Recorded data
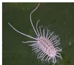
Plate 8: i) P. jackbeardsleyi (Ventral view)
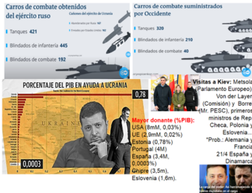
Figure 8. Balance of the war II.

But hey, do you know who has been the largest supplier of arms to Ukraine in this war? Well, believe it or not, it was Russia.
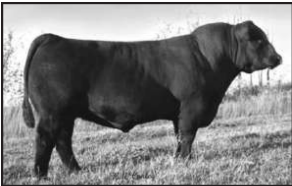
BC Marathon 7022 - Sire of Lots 7 and 8.
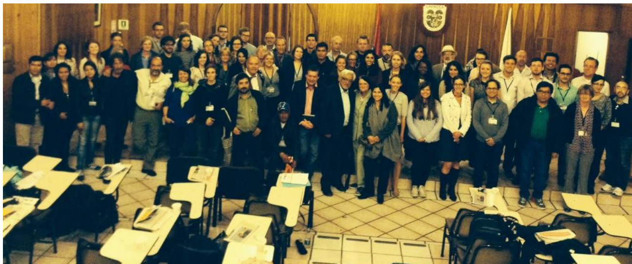
IV International Caravan of Jurists - delegates 2014

Colombian Caravana UK Lawyers' Group - October 2014
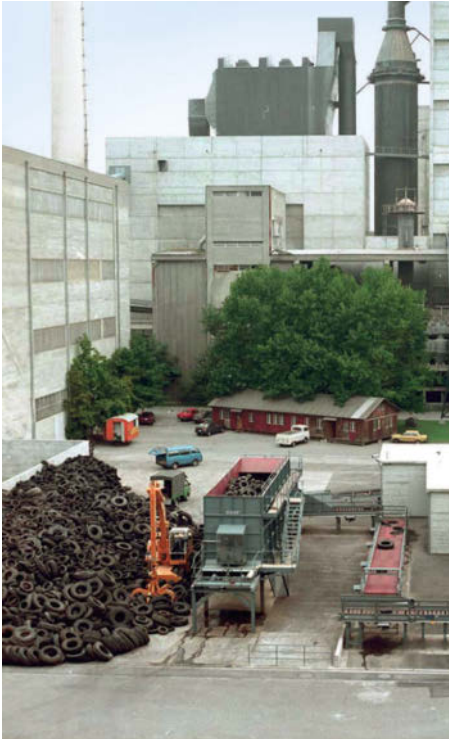
System technology for the transport of used tyres
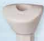
Custom healing abutment included
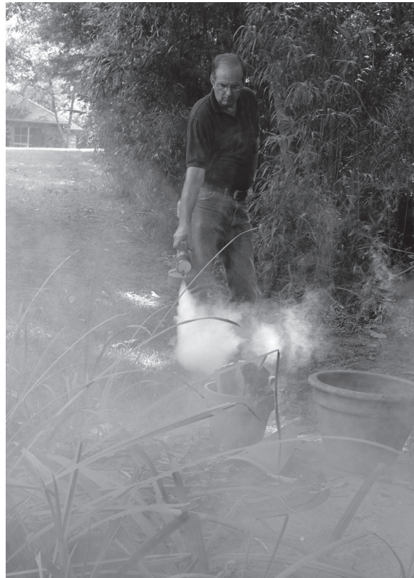
There is some data that shows a significant association between men, exposure to pesticides, and Parkinson’s disease.

However, there are epidemiologic and toxicologic studies that have identified specific pesticides linked to PD. (See page 18.) Studies that identify the mechanisms by which pesticides lead to PD, such as protein aggregation (a-synuclein), effects on the striatal dopaminergic
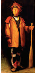
4. Chief Shoppenegons by Eanger Irving Couse. Location: Crave Restaurant (corner of N. Court and W. Main St., on the west wall)
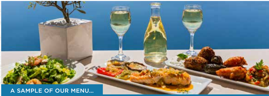
A SAMPLE OF OUR MENU...
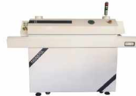
L5 reflow Oven

Solution 3: An Economical SMT Line for mass production line with 0201 accuracy and about 120 types of components
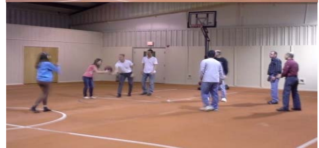
Working off a delicious ham dinner while some watched the game.
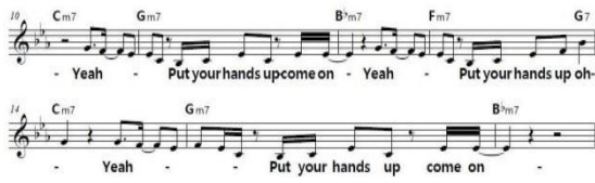
< Score 3. intro of 'Already Alright' >

(3) Type of Ad-Libs which is using 5 tones as scale
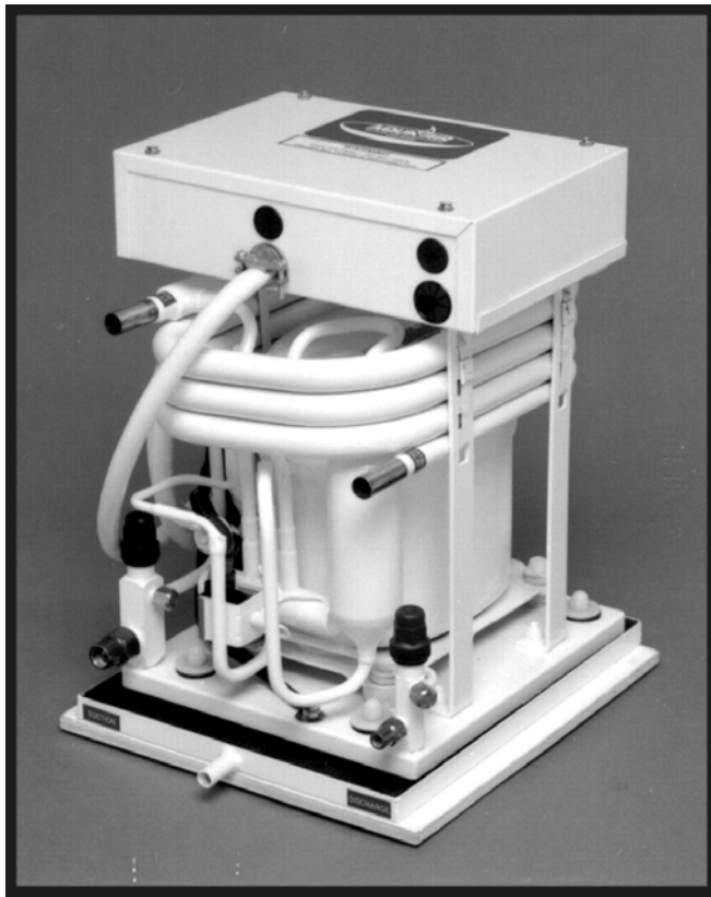
KH-05, 07, 10, 12 & 16

The redesigned KH series condensing units have the smallest footprint available in the industry. These rugged, highly efficient, reverse cycle units have an integrated drain pan and a removable electric box that can be mounted up to 6' away. With below deck space at a premium in the modern boat, there is a recognizable size benefit in the KH Model which is 32% smaller than the competition. These versatile models can fit snug spaces or can be racked to maximize vertical space, while at the same time presenting more options in cabin space zone temperature control than ever before. These units can be matched to a host of Cooling/Heating units available from Aqua-Air.
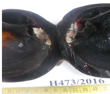
Figure 2. Macroscopic aspect to dissection.

Conclusion: Cystic mature teratoma (dermoid cyst) of the right ovary with necrotic-haemorrhagic reshuffling, compatible with a torsion.
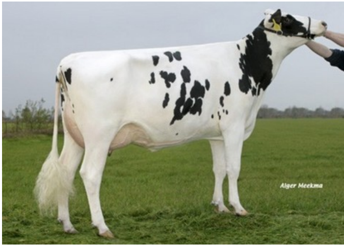
Koepon Shottle Isa 1 VG-87

### WHAT IS BEING ASKED:
The entries are to be copied exactly, and each image is to be omitted.

### ANSWER BOX:
Plate 8: i) P. jackbeardsleyi (Ventral view)
Figure 8. Balance of the war II.

But hey, do you know who has been the largest supplier of arms to Ukraine in this war? Well, believe it or not, it was Russia.
BC Marathon 7022 - Sire of Lots 7 and 8.
IV International Caravan of Jurists - delegates 2014

Colombian Caravana UK Lawyers' Group - October 2014
System technology for the transport of used tyres
Custom healing abutment included
There is some data that shows a significant association between men, exposure to pesticides, and Parkinson’s disease.

However, there are epidemiologic and toxicologic studies that have identified specific pesticides linked to PD. (See page 18.) Studies that identify the mechanisms by which pesticides lead to PD, such as protein aggregation (a-synuclein), effects on the striatal dopaminergic
4. Chief Shoppenegons by Eanger Irving Couse. Location: Crave Restaurant (corner of N. Court and W. Main St., on the west wall)
A SAMPLE OF OUR MENU...
L5 reflow Oven

Solution 3: An Economical SMT Line for mass production line with 0201 accuracy and about 120 types of components
Working off a delicious ham dinner while some watched the game.
< Score 3. intro of 'Already Alright' >

(3) Type of Ad-Libs which is using 5 tones as scale
KH-05, 07, 10, 12 & 16

The redesigned KH series condensing units have the smallest footprint available in the industry. These rugged, highly efficient, reverse cycle units have an integrated drain pan and a removable electric box that can be mounted up to 6' away. With below deck space at a premium in the modern boat, there is a recognizable size benefit in the KH Model which is 32% smaller than the competition. These versatile models can fit snug spaces or can be racked to maximize vertical space, while at the same time presenting more options in cabin space zone temperature control than ever before. These units can be matched to a host of Cooling/Heating units available from Aqua-Air.
Figure 2. Macroscopic aspect to dissection.

Conclusion: Cystic mature teratoma (dermoid cyst) of the right ovary with necrotic-haemorrhagic reshuffling, compatible with a torsion.
Koepon Shottle Isa 1 VG-87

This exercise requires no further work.